Data segment
+ + + +
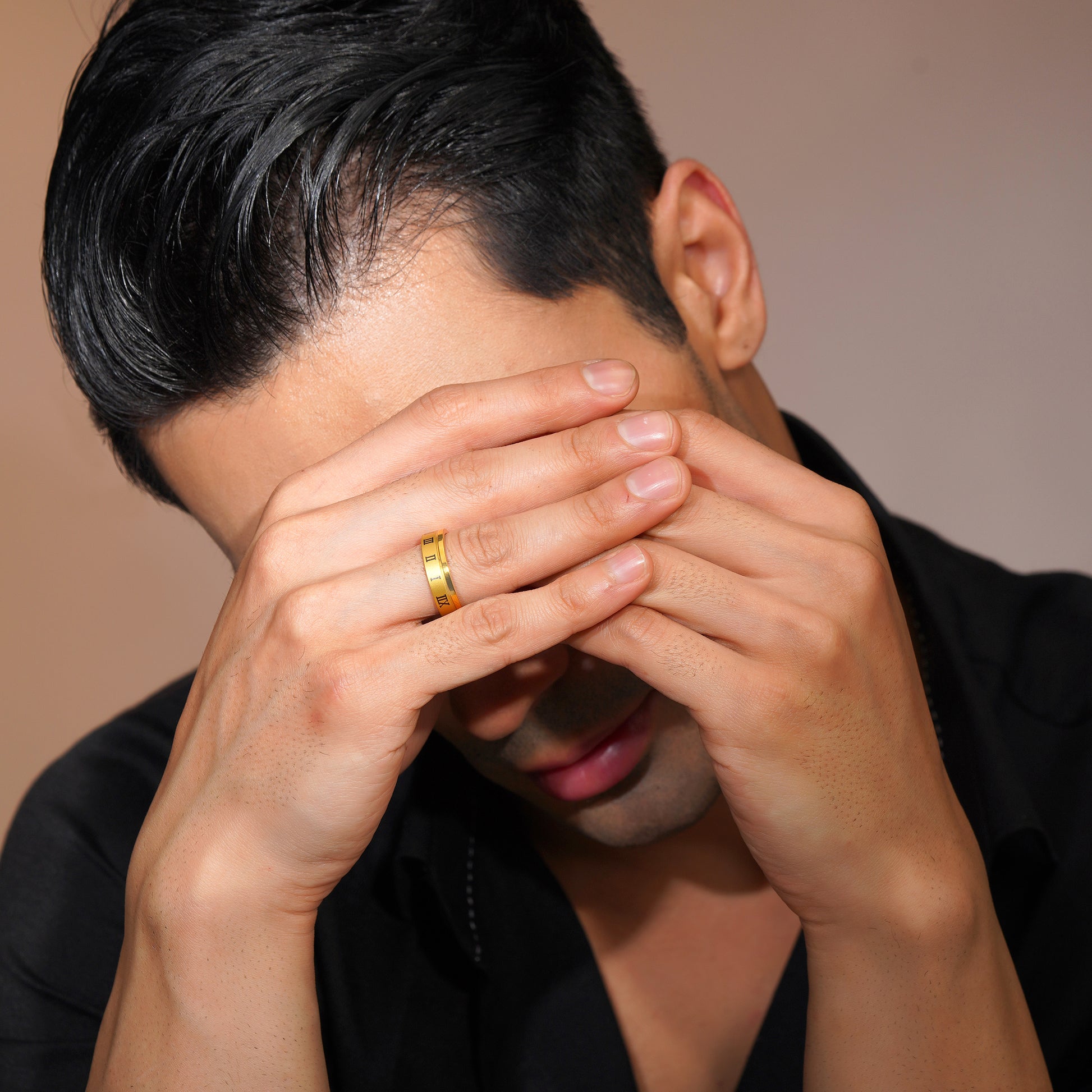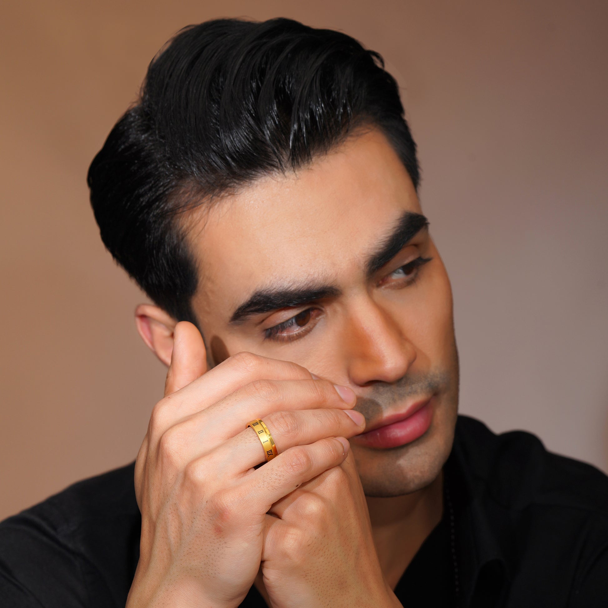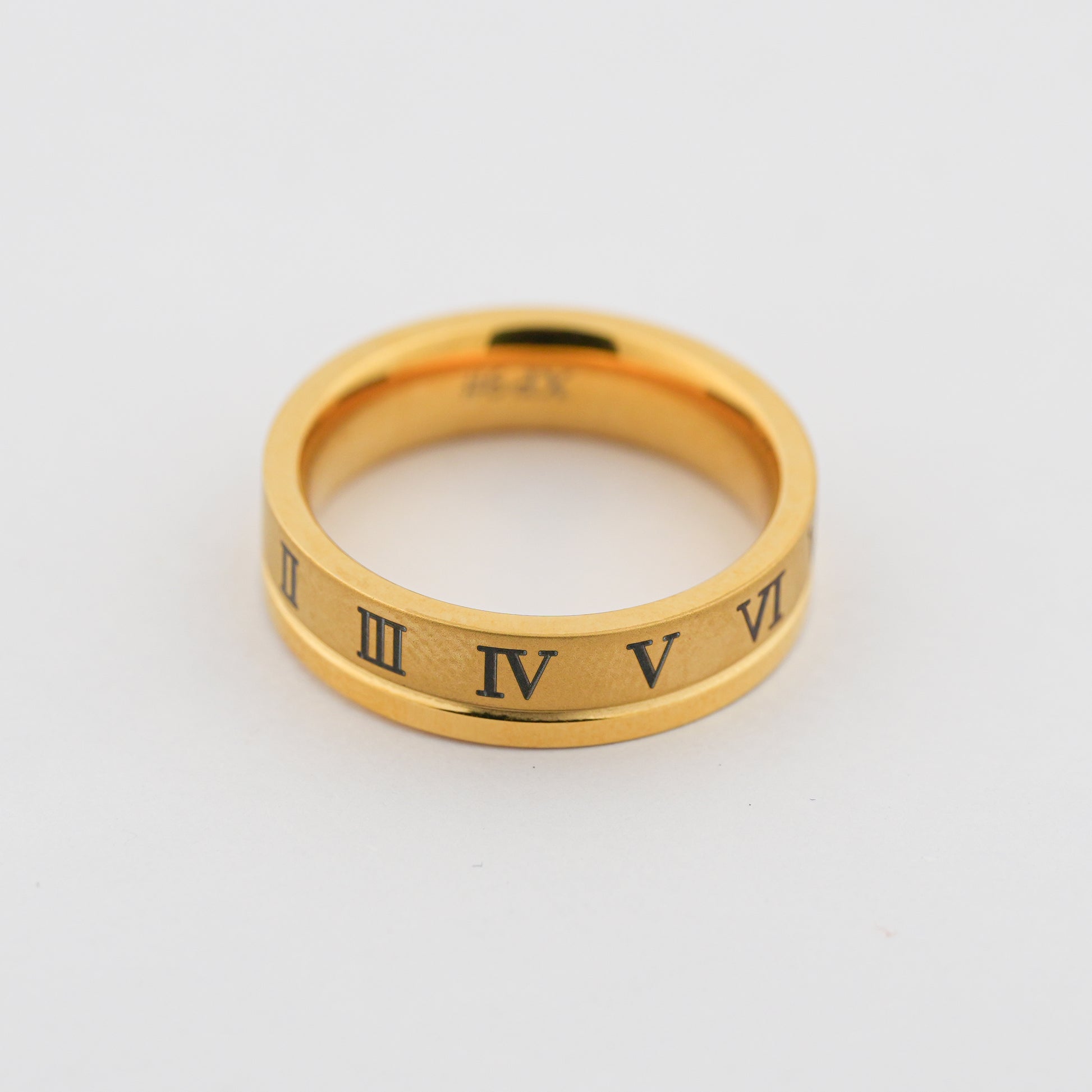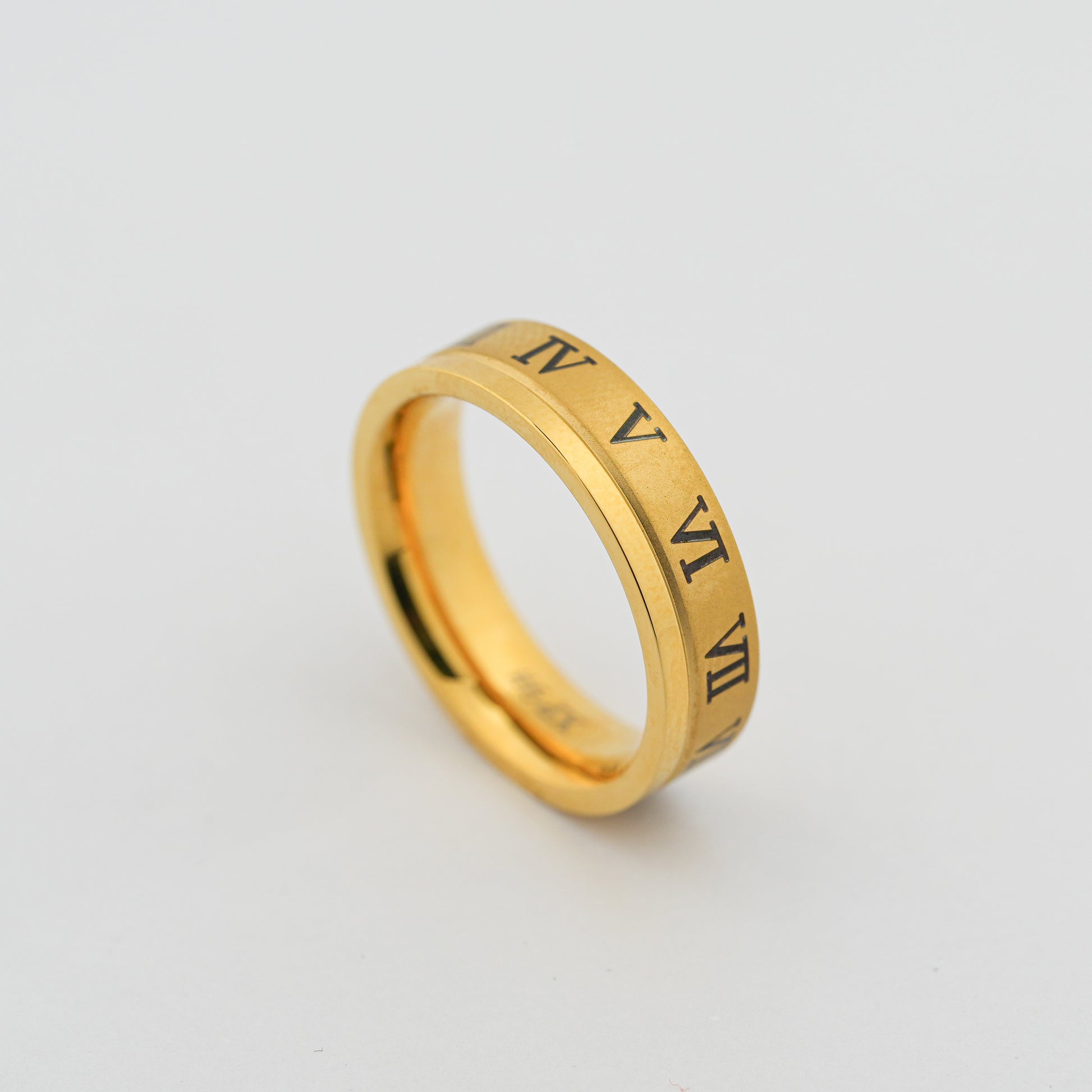 This classic contemporary ring features a rich matte gold finish accented with engraved black Roman numerals around the band. Designed with clean edges and a bold yet refined aesthetic, this ring blends modern minimalism with symbolic detailing, making it ideal for everyday wear and statement styling.
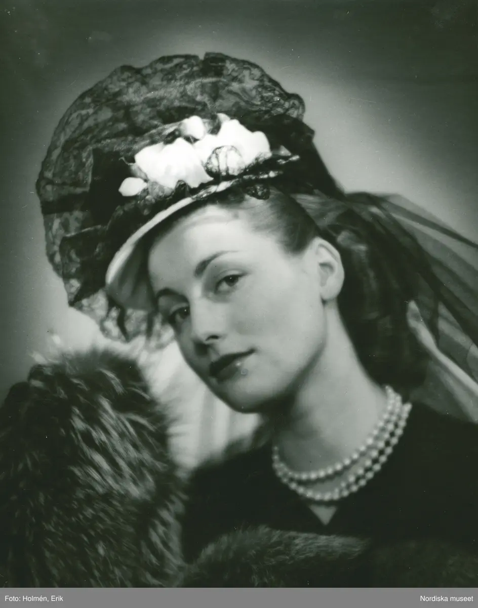 Porträtt av kvinna i hatt med garneringar och tyll, av Monsieur Erik, samt del av päls och treradigt pärlhalsband.
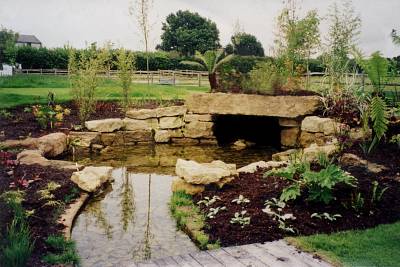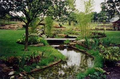 Client brief: To design a garden utilising the levels on this sloping site, with water in the garden being a high priority. A stream, integral pools and rockwork were therefore incorporated and to great effect. These were further enhanced with other focal points and features, combined with strong structural planting and large levelled lawns.
+ + + +
Your goal
Write the listing above out again exactly, but not the images it holds.

Task answer
 This classic contemporary ring features a rich matte gold finish accented with engraved black Roman numerals around the band. Designed with clean edges and a bold yet refined aesthetic, this ring blends modern minimalism with symbolic detailing, making it ideal for everyday wear and statement styling.
 Porträtt av kvinna i hatt med garneringar och tyll, av Monsieur Erik, samt del av päls och treradigt pärlhalsband.
 Client brief: To design a garden utilising the levels on this sloping site, with water in the garden being a high priority. A stream, integral pools and rockwork were therefore incorporated and to great effect. These were further enhanced with other focal points and features, combined with strong structural planting and large levelled lawns.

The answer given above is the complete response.